Mayor Bill de Blasio on Tuesday morning called on Gov. Kathy Hochul to impose a COVID-19 vaccine mandate on MTA employees, as he has done for city workers across the five boroughs.
“Gov. Hochul, here's an opportunity to do something that will really help New York City, put a mandate in place for MTA employees,” de Blasio said. “We need them to be vaccinated for the safety of each other and their families, their communities, for the safety of the passengers. It's worked with the New York City workforce. It can work with the MTA as well.”
De Blasio, who often touts himself as an early adopter and fierce advocate of vaccine mandates, cited high compliance rates among city workers as proof they are effective. According to the mayor, 94% of all city workers are now vaccinated against COVID-19, including 87% of the NYPD, 93% of the FDNY EMS, 89% of FDNY and 88% of the sanitation department.
In response to the mayor pressing Hochul to enforce a mandate, Transport Workers Union Local 100 President Tony Utano issued a statement bashing the mayor.

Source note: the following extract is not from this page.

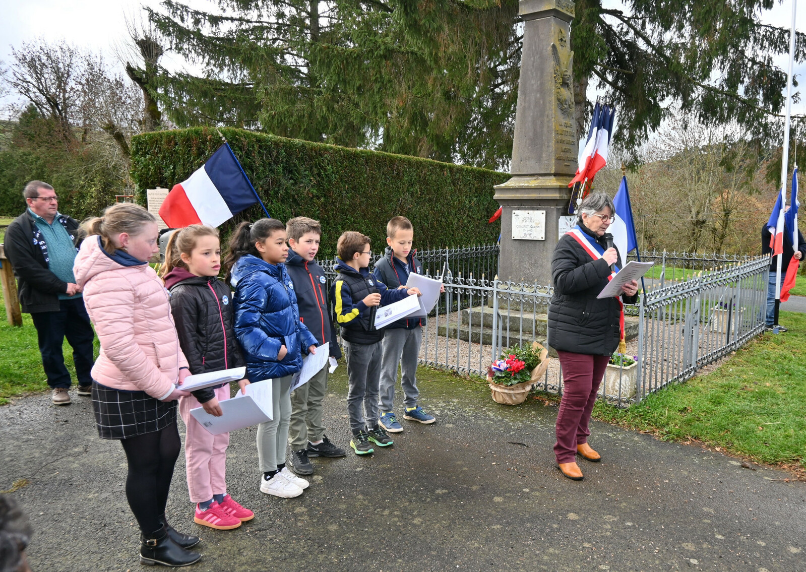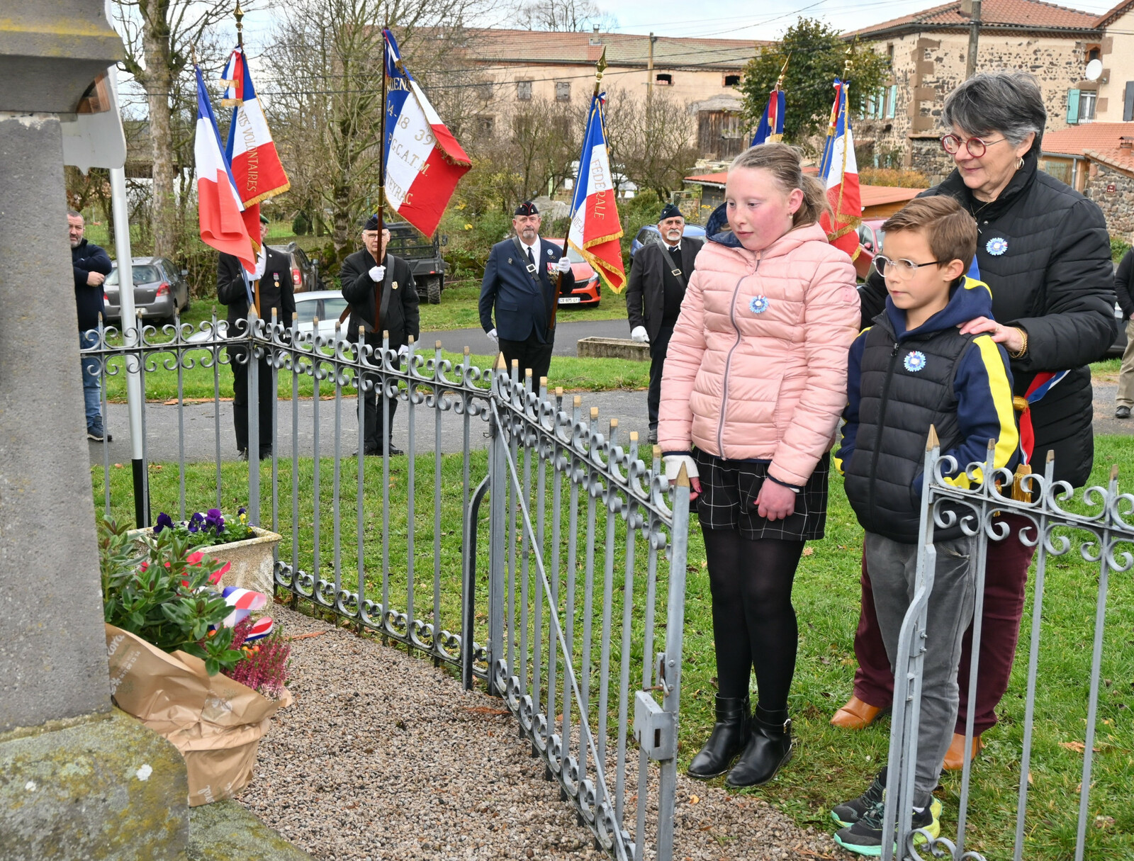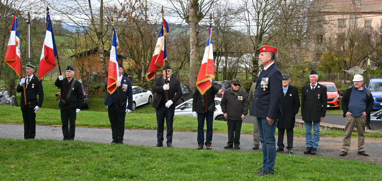 Le dimanche 16 novembre 2025, a eu lieu la commémoration du 107e anniversaire du 11 novembre à Auteyrac avec la participation de Michèle MALFANT maire de Vissac Auteyrac et Karine CROS maire de STE Eugénie de Villeneuve, des porte-drapeaux, Loïc MALFANT lieutenant-colonel et secrétaire des anciens combattants de Vissac Auteyrac et de Ste Eugénie de Villeneuve ainsi que les élèves CM1, CM2 du RPI de Lachaud. Après la levée des couleurs et la marseillaise, les enfants ont lu un poème 14-18 Folie meurtrière de Jacques Hubert FROUGIER et ont déposé la gerbe au monument aux morts. La fanfare de ST Jean de Nay a animé la cérémonie et terminé celle-ci par une aubade. Le conseil municipal a invité tous les participants à cette cérémonie à partager le verre de l’amitié. A partie de 13h00, les anciens combattants se sont retrouvés pour leur repas annuel à STE Eugénie de Villeneuve avec les maires des deux communes

"The MTA's unionized workforce, and millions of transit riders, are grateful this Thanksgiving that Mayor de Blasio does not run the subway and bus system — and is finally heading out the door,” the statement reads. “The current system in which transit workers have a choice to be vaccinated or be tested regularly is working while we continue to educate and urge members to get the shot."

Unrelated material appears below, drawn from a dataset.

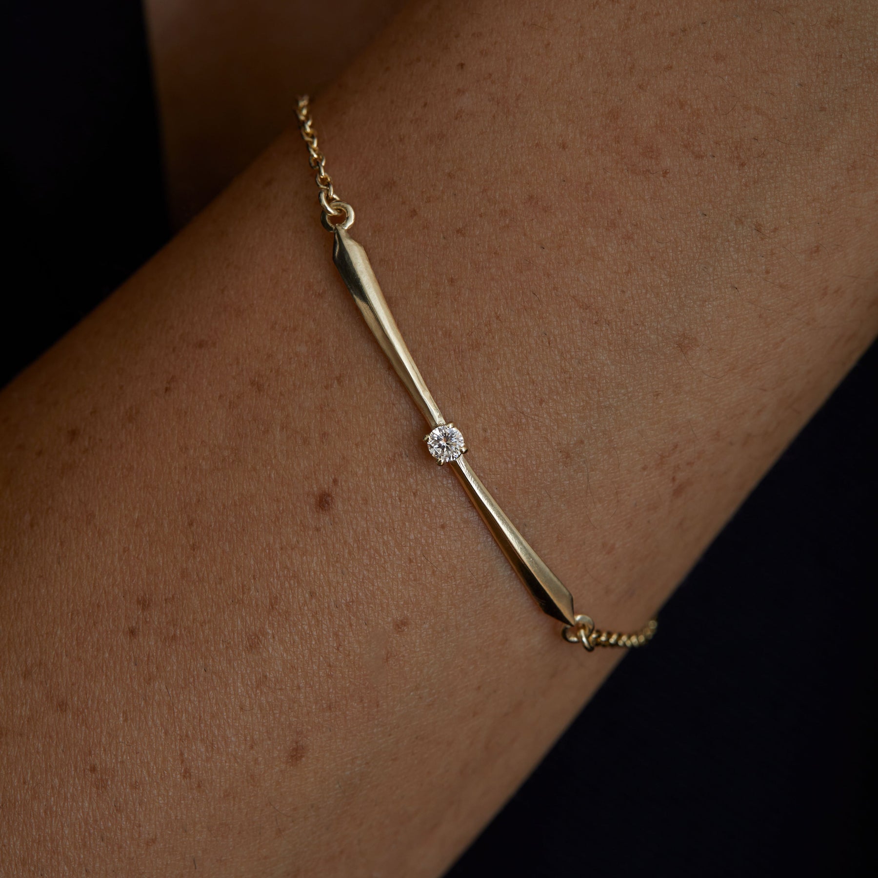 המרכז החוליה משובץ יהלום לבן יפייפה שמקפיץ את מראה הצמיד

MTA Acting Chair and CEO Janno Lieber also threw cold water on the idea, citing low COVID-19 positivity rates among the MTA workforce and hundreds of testing sites across the subway system.

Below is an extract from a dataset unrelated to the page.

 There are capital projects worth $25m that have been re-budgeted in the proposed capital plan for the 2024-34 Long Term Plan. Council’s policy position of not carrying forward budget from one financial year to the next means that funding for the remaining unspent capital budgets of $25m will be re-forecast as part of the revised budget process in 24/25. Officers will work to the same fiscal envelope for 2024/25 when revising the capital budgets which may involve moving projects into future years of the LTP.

“What we’re doing with respect to vax and tests, which is what we’re doing, is working. We’ve got four out of five MTA employees vaxxed and when we do testing, and we do a lot of it, we have a low positivity rate by the city, by a lot. We’re at .6% positivity rate,” Lieber told Lane Bajardi of 1010 WINS.
“We’ve added vax sites and actually testing at 600 different locations around the system, so incredible safety,” Lieber later added.
Hochul echoed Lieber's sentiment, praising MTA workers and touting the transit agency's low infection rate.
"They wear their masks, they socially distance, and they’re doing what’s right," the governor said during a tour of the Second Avenue Subway tunnel. "So I appreciate the advice that’s coming our way — that’s fine, we have a relationship — but if we had a problem, I’d address it, but we’re doing an outstanding job."
De Blasio is considering running against Hochul in next year’s Democratic primary for governor.
Editor's note: An earlier version of this story misspelled MTA Acting Chair and CEO Janno Lieber's last name as Leiber.